**What you will do:**
Skip the pictures and repeat each line of the data exactly.

Start of Raw data

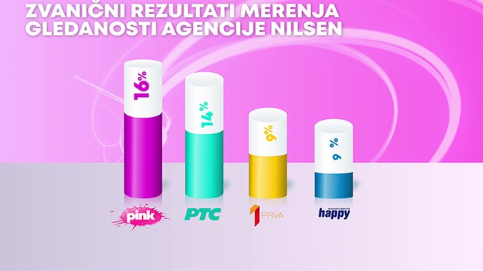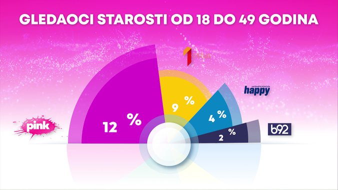 Televizija Pink bila je gledanija od svih komercijalnih emitera, ali i Javnog servisa Srbije u totalu, među ženskom publikom, među ženskom publikom starosti od 18 do 49 godina i među urbanom populacijom, dok je od svih komercijalnih televizija bila gledanija među gledaocima starosti od 18 do 49 godina, među gledaocima sa teritorije Beograda, kao i među gledaocima iz pretonice starosti od 18 do 49 godina.
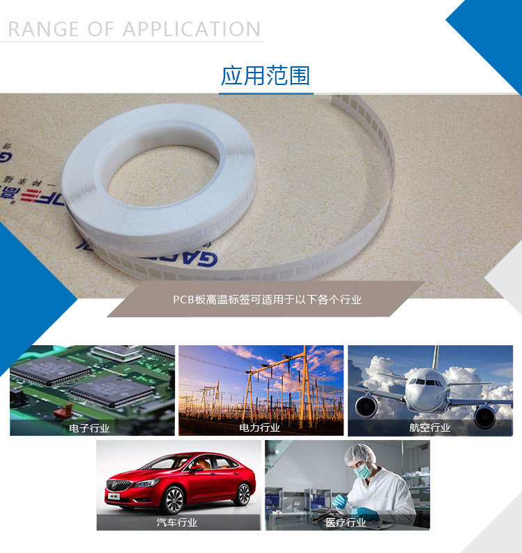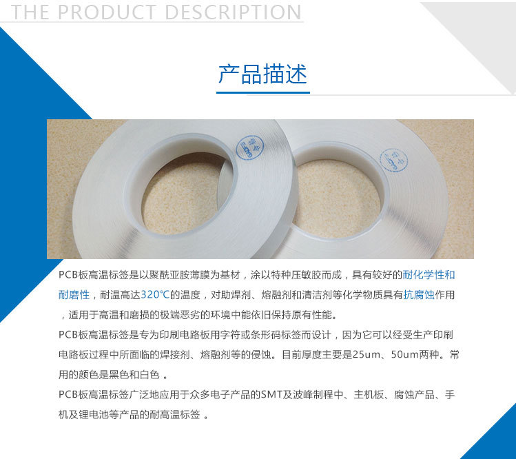 PCB板高溫標簽聚酰亞胺薄膜為基材,涂以特種壓敏膠而成,具有較好的耐化學性和耐磨性,耐溫范圍200℃~600℃,對助焊劑、熔融劑和清潔劑等化學物質具有抗腐蝕作用,使用于高溫和磨損的極端惡劣的環境中能保持原本性能。它是專為印刷電路板用字符或條形碼標簽而設計,因為它可以經受生產印刷電路板過程中所面臨的焊接劑、熔融劑等的侵蝕。目前厚度主要是25um、50um兩種。常用的顏色是黑色和白色 。PCB板高溫標簽廣泛地應用于眾多電子產品的SMT及波峰制程中、主機板、腐蝕產品、手機及鋰電池等產品的PCB板高溫標簽。
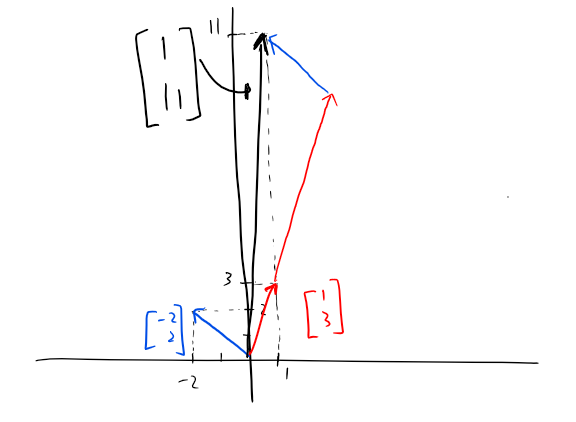 column picture로 푼다는 것은 벡터 (1, 3)과 벡터 (-2, 2)를 어떻게 선형 결합해야지 벡터 (1, 11)이 나올지를 고민하는 것입니다. 벡터 (1, 3)을 3배해준 것을 벡터 (-2, 2)을 1배해준 것에 더하면, 벡터 (1, 11)이 나옵니다.

End of Raw data

**Written answer:**
 Televizija Pink bila je gledanija od svih komercijalnih emitera, ali i Javnog servisa Srbije u totalu, među ženskom publikom, među ženskom publikom starosti od 18 do 49 godina i među urbanom populacijom, dok je od svih komercijalnih televizija bila gledanija među gledaocima starosti od 18 do 49 godina, među gledaocima sa teritorije Beograda, kao i među gledaocima iz pretonice starosti od 18 do 49 godina.
 PCB板高溫標簽聚酰亞胺薄膜為基材,涂以特種壓敏膠而成,具有較好的耐化學性和耐磨性,耐溫范圍200℃~600℃,對助焊劑、熔融劑和清潔劑等化學物質具有抗腐蝕作用,使用于高溫和磨損的極端惡劣的環境中能保持原本性能。它是專為印刷電路板用字符或條形碼標簽而設計,因為它可以經受生產印刷電路板過程中所面臨的焊接劑、熔融劑等的侵蝕。目前厚度主要是25um、50um兩種。常用的顏色是黑色和白色 。PCB板高溫標簽廣泛地應用于眾多電子產品的SMT及波峰制程中、主機板、腐蝕產品、手機及鋰電池等產品的PCB板高溫標簽。
 column picture로 푼다는 것은 벡터 (1, 3)과 벡터 (-2, 2)를 어떻게 선형 결합해야지 벡터 (1, 11)이 나올지를 고민하는 것입니다. 벡터 (1, 3)을 3배해준 것을 벡터 (-2, 2)을 1배해준 것에 더하면, 벡터 (1, 11)이 나옵니다.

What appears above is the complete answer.